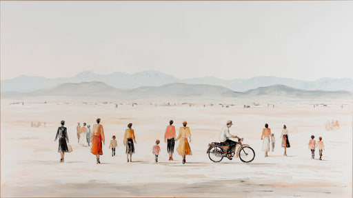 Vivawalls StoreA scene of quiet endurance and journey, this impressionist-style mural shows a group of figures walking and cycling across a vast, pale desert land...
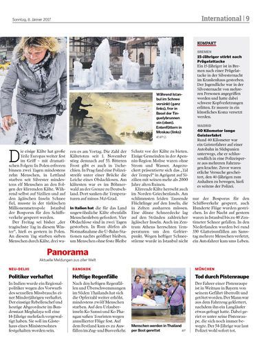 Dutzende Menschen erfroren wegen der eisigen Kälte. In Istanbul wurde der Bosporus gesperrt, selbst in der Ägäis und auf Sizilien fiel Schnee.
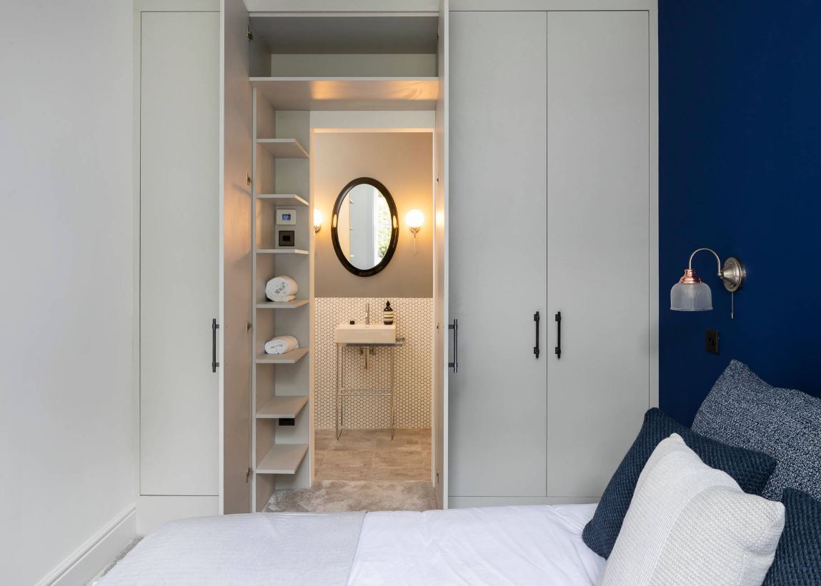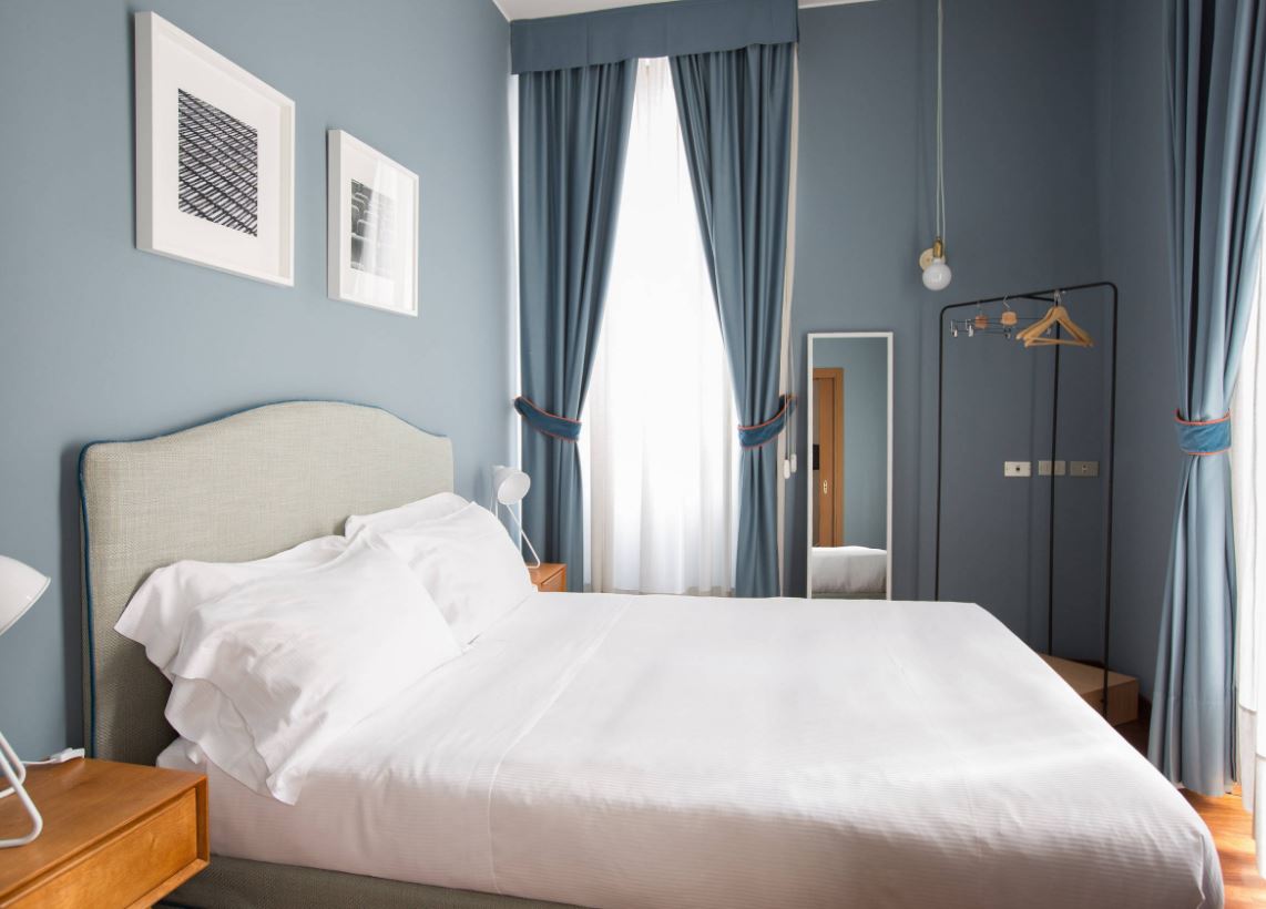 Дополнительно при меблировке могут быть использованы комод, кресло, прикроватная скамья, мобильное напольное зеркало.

==

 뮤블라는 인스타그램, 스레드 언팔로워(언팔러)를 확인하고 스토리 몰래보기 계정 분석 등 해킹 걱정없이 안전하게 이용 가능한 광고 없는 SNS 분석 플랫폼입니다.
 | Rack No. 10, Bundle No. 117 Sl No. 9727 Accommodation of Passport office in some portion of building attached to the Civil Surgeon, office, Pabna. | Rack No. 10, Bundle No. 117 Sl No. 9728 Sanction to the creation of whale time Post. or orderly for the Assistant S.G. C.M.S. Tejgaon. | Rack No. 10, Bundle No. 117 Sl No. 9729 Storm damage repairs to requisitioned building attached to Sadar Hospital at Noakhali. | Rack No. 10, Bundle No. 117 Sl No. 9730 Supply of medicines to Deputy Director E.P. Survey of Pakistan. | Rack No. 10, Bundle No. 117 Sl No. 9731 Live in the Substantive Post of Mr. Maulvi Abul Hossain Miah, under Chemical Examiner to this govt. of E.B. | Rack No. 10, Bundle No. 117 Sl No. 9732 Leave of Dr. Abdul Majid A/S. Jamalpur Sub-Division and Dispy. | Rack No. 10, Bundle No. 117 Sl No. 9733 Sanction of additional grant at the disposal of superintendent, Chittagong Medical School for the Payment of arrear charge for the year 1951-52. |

### [What to work on]
Every line above from the one with "Dutzende Menschen erfroren" down to the one with "Дополнительно при меблировке" must be written out exactly, and no picture may appear.

### [Answer section]
 Dutzende Menschen erfroren wegen der eisigen Kälte. In Istanbul wurde der Bosporus gesperrt, selbst in der Ägäis und auf Sizilien fiel Schnee.
 Дополнительно при меблировке могут быть использованы комод, кресло, прикроватная скамья, мобильное напольное зеркало.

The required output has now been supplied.